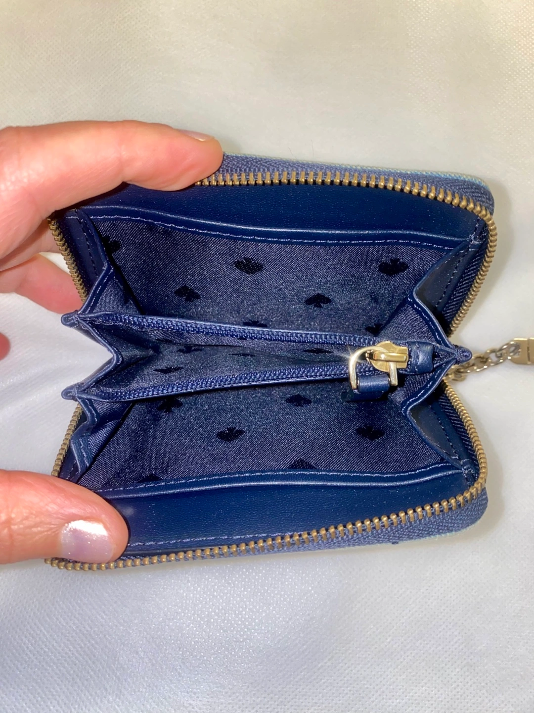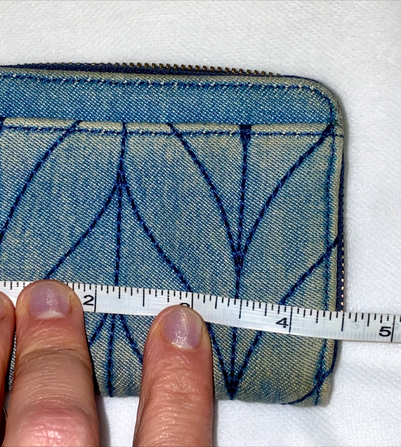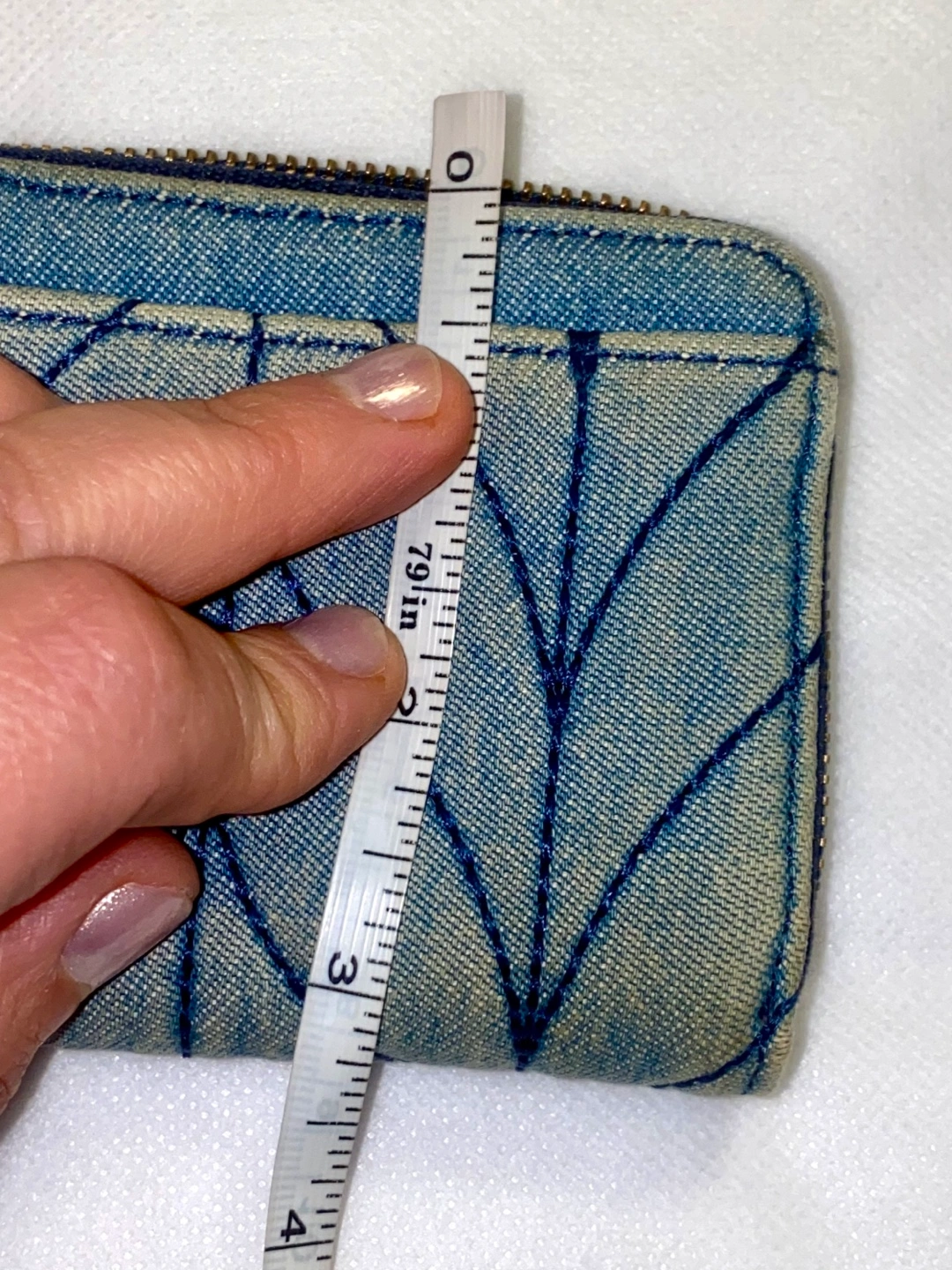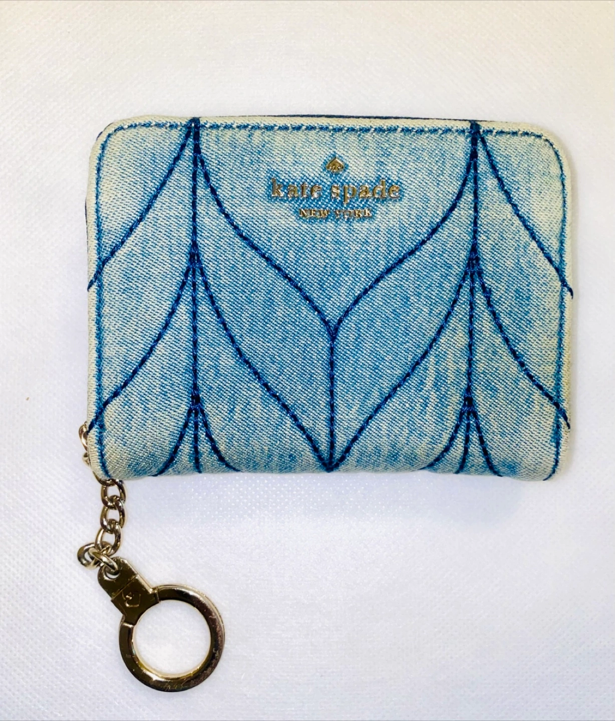 Adorable light blue denim wallet. Features a unique quilted pattern and gold-tone hardware. Compact design, perfect for everyday use. Includes a handy attached keychain.
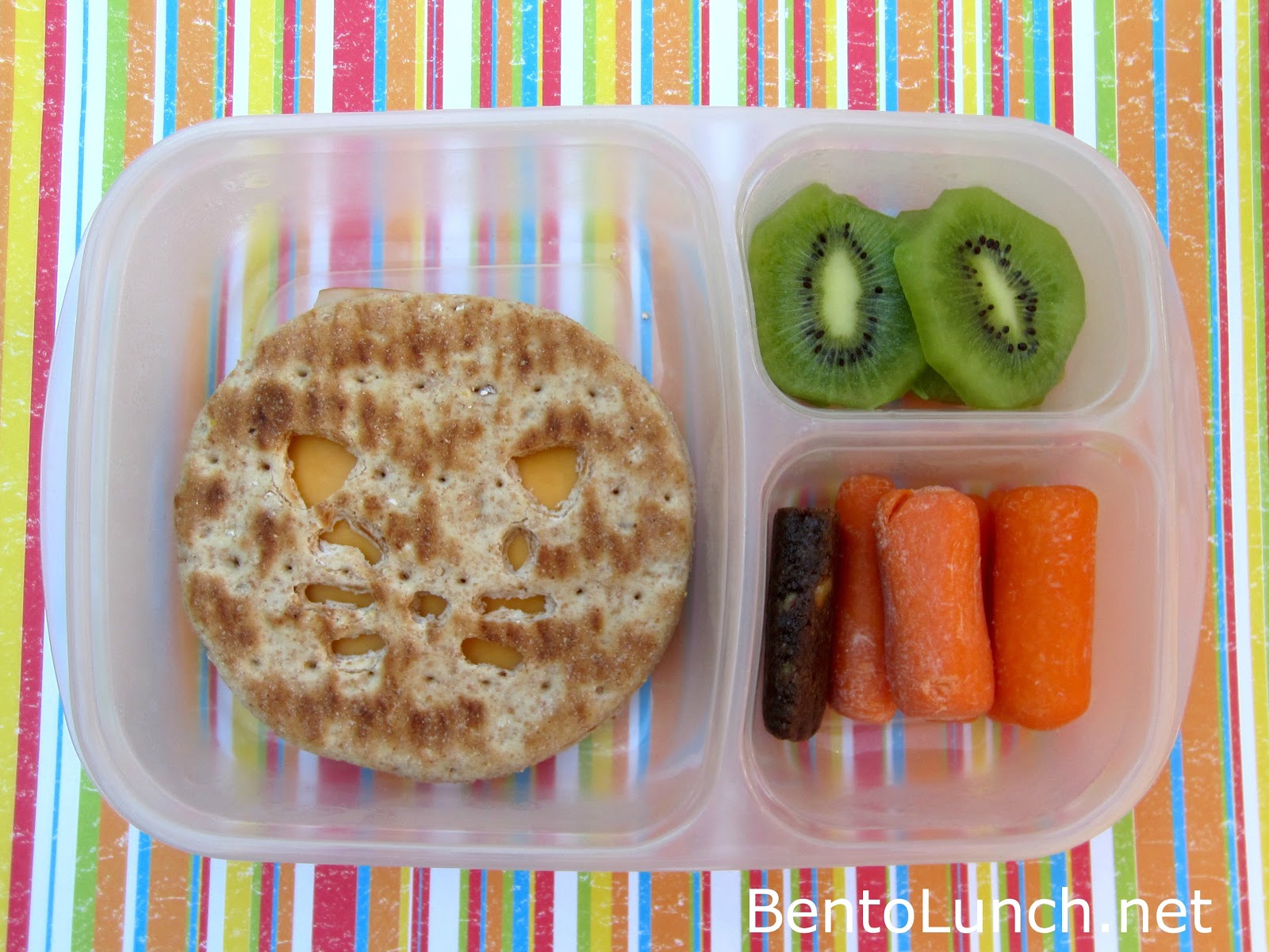 In this lunch, Ben has a turkey and cheese sandwich on whole wheat rounds. Instead of a top decoration, I used my CutezCute kitty face to cut a bit out of the bread. You may need to zoom in for the details. To the right, he has kiwi, carrots, and a mini fig bar. Lunch is packed in our Easy Lunchboxes (also available on Amazon)
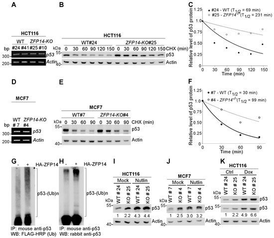 ZFP14 regulates p53 protein stability through MDM2. (A,D) The levels of p53 and actin mRNAs were measured in isogenic controls and ZFP14-KO HCT116 (clones #25 and #10) cells (A) or isogenic control and ZFP14-KO MCF7 (clone #4) cells (D). (B,E) The levels of p53, vinculin and actin proteins were measured in isogenic control and ZFP14-KO HCT116 (clone# 25) cells (B) or isogenic control and ZFP14-KO MCF7 (clone #4) cells (E) mock-treated or treated with cycloheximide (CHX) for indicated times. (C,F) The relative level of p53 protein in (B,E) was normalized to actin and the half-life of p53 protein was calculated by plotting the remaining protein over time. (G,H) pcDNA3-p53 and pcDNA3-2×-Flag-ubiquitin with or without pcDNA3-HA-ZFP14 were transfected in HCT116 cells followed by treatment with 20 µM MG132 for 5 h. Poly-ubiquitinated p53 levels in whole-cell lysates were measured by immunoprecipitation with mouse anti-p53 antibody followed by Western blotting with FLAG-HRP (G) or rabbit anti-p53 (H). (I,J) The levels of p53 and actin proteins were measured in isogenic control and ZFP14-KO HCT116 (clone# 25) cells (I) or isogenic control and ZFP14-KO MCF7 (clone #4) cells (J) mock-treated or treated with Nutlin for 16 h. (K) The levels of p53 and actin proteins were measured in isogenic control and ZFP14-KO HCT116 (clone# 25) cells mock-treated or treated with 250 µg/mL Dox for 18 h.
——
* [Problem requirements]:
Copy back, word for word, every line between the top of the material above and the line that contains "In this lunch, Ben", both included, without any pictures.

* [Expected answer]:
 Adorable light blue denim wallet. Features a unique quilted pattern and gold-tone hardware. Compact design, perfect for everyday use. Includes a handy attached keychain.
 In this lunch, Ben has a turkey and cheese sandwich on whole wheat rounds. Instead of a top decoration, I used my CutezCute kitty face to cut a bit out of the bread. You may need to zoom in for the details. To the right, he has kiwi, carrots, and a mini fig bar. Lunch is packed in our Easy Lunchboxes (also available on Amazon)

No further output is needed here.